The Significance of an Interdisciplinary Degree
My academic focus is the humanities and literature. However, I believe that by opening up academic frameworks, you can have a more critical understanding of what you are studying. An interdisciplinary perspective aligns with the growing tendency to explore cross-regional perspectives. A wide comparative perspective of global processes, enlightened by a deep contextual understanding—language, culture, history—of Latin America should remain a priority in the curriculum at LLILAS. The mission of the PhD, the master’s, and the undergraduate major is to understand the connection between academia and society from an interdisciplinary perspective. The fact that LLILAS has a core Latin American Studies faculty is an enormous advantage for the graduate program, because it provides students with continuous guidance and mentoring.

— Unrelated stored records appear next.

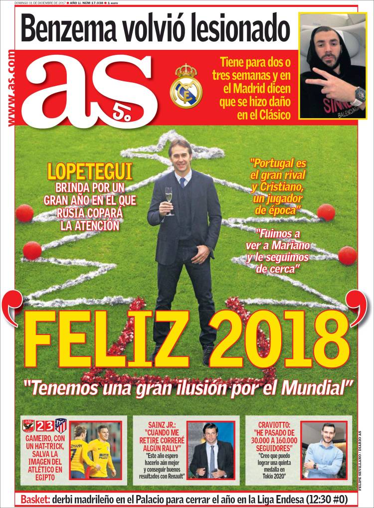 Exclusiva Sport, reza una imitación de cuño para certificar unas declaraciones de aúpa, o de agárrate y no te menees: "Lo mejor está por llegar y esperamos cumplir con todos los retos que nos hemos marcado", dice Andrés. Que paren rotativas. Si aún están ahí, dejen ustedes de pelar uvas o de intentar nudos de corbata. Háganse el favor de leer semejante exclusiva y sepan por fin de qué hablar esta Nochevieja, una noche no tan vieja como las portadas de hoy, no tan vieja como las portadas de cada fin de año, máxima expresión y quintaesencia de lo viejas que son las portadas de cada día una vez que salen a la luz y ya no importan en absoluto y nada dicen salvo el hecho mismo de que nada digan y ya ese simple hecho tal vez sea cosa mayor.
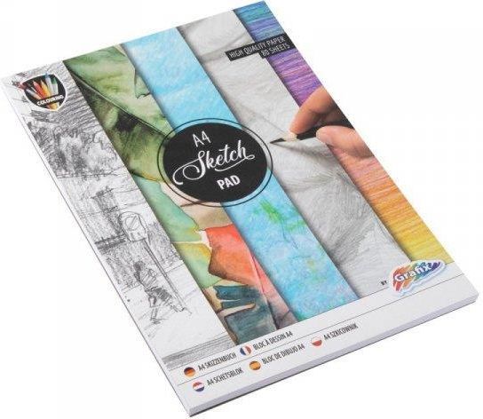 Szkicownik zawiera 80 kartek papieru wysokiej jakości w formacie A4. Z pewnością przyda się produkt do szkoły na zajęcia plastyczne. Idealnie również sprawdzi się jako prezent dla młodych artystów. Wymiary: 300x210 mm Grupa wiekowa: 3+
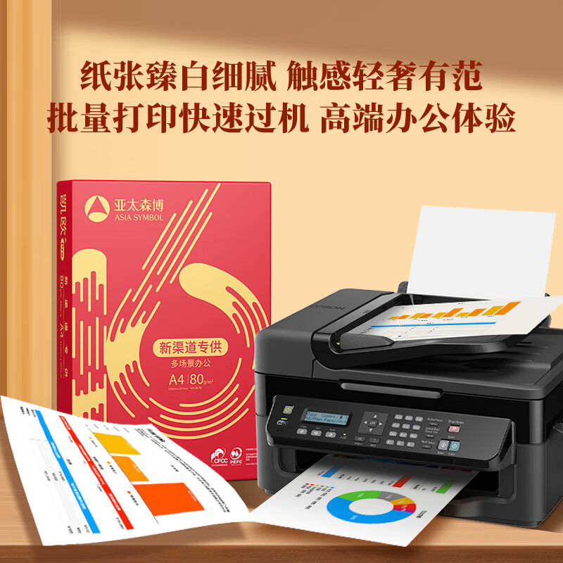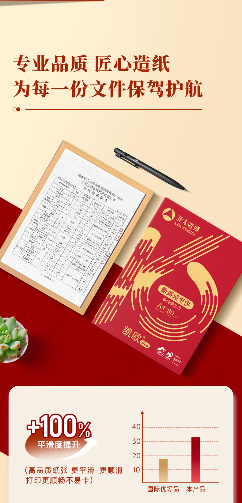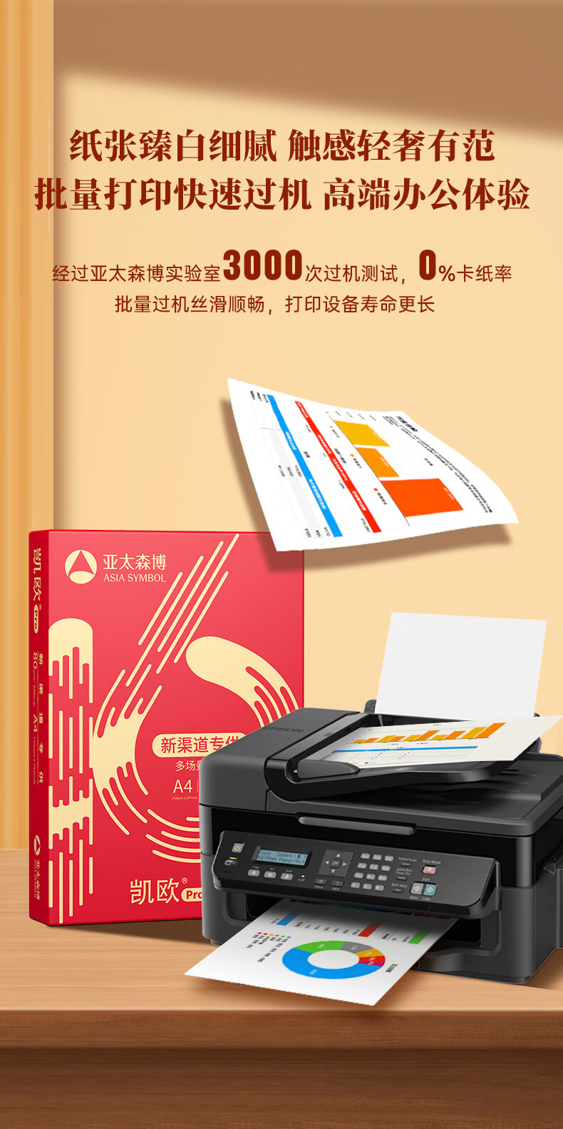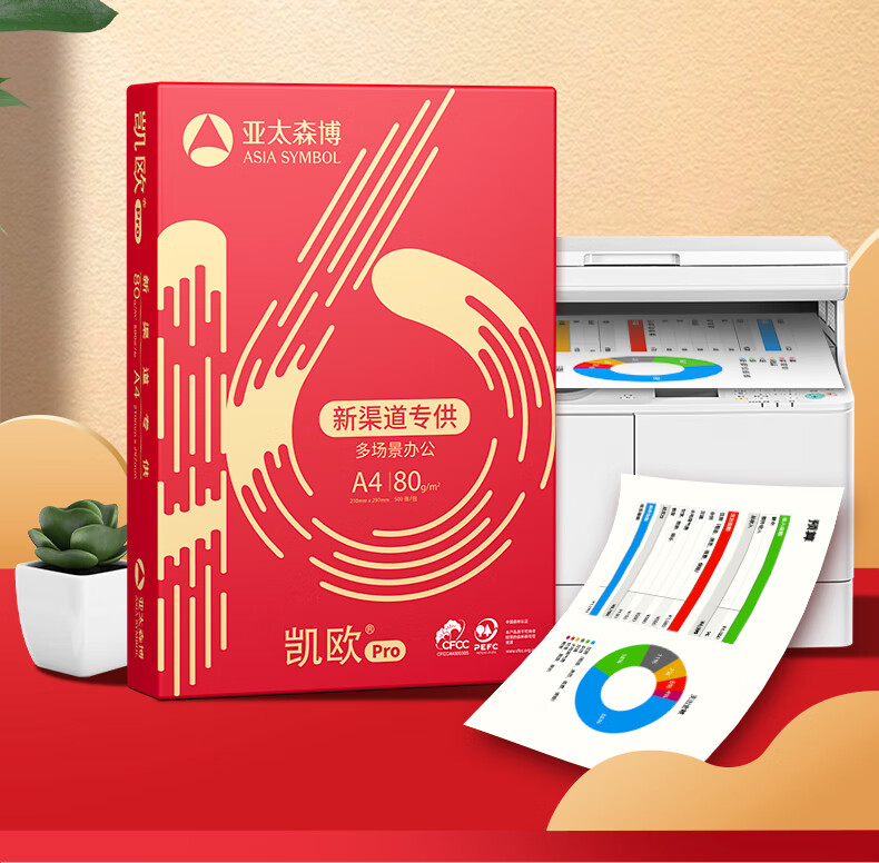 电脑、办公  > 办公耗材  > 纸类  >  亚太森博  >  亚太森博 凯欧Pro 80g A4复印纸 500张/包 5包/箱(2500张)高端商务品质 合同标书彩打 A4 80g/箱
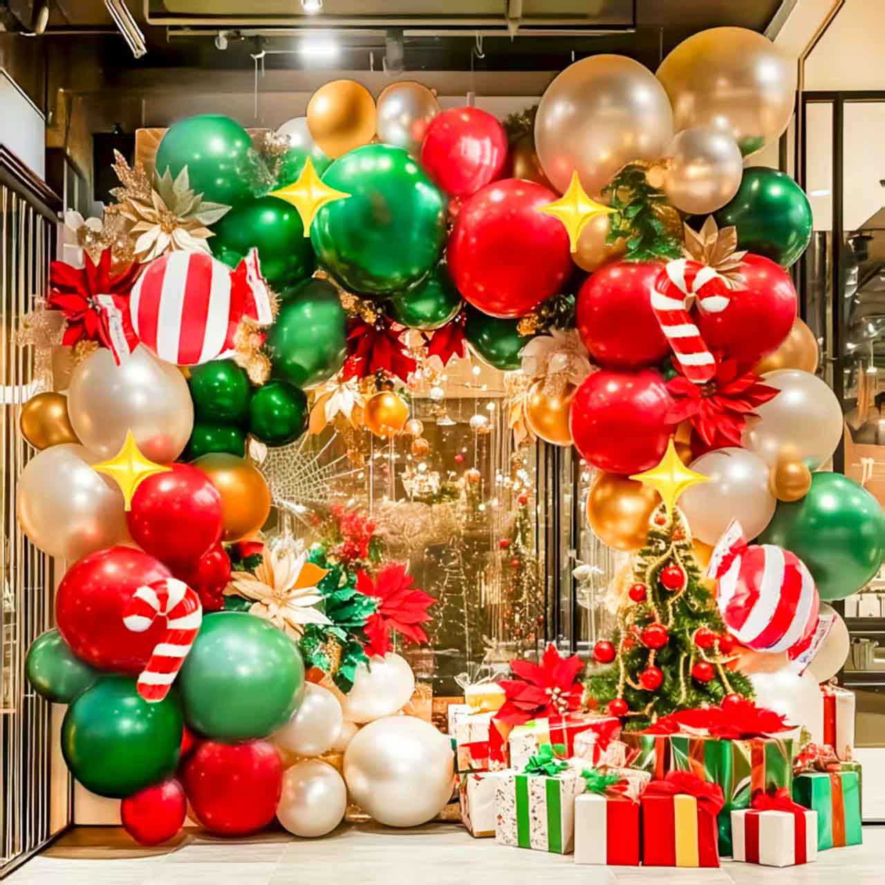 Рождестволық шар аркаларыалуан түрлі. Олар тек латекс шарлары, фольга шарлары, фольга шарлары, шарлар және сиқырлы шарлар, бірақ сонымен қатар фондық маталарды безендірумен бірге қолдануға болады.

I have an idea of Latin America as a cosmopolitan vantage point. I say this because of my academic work and also because of my personal background. For example, through my father, I learned there are many Mexicos. He was from Tehuantepec, a city with a strong Indigenous Zapotec identity yet with poor resources. In high school, he and his brother were sent by their mother to study in Mexico City. My father was always a stranger in Mexico City, and then in Puebla, where my mother is from. Looking at the universe of my two parents, who came from two very different realities within the same country, I noticed that their strength was precisely that they did not embrace a chauvinist perspective about Mexico. This ability to navigate the contradictions of Mexican identity, but at the same time to take pride in who they were, is what I think of as cosmopolitanism. An institute of Latin American Studies in the United States has many people with similar stories. When I got to LLILAS as a master’s student, I learned that Latin America was many people, but they had a common goal, which was to envision a better future for Latin America and the world.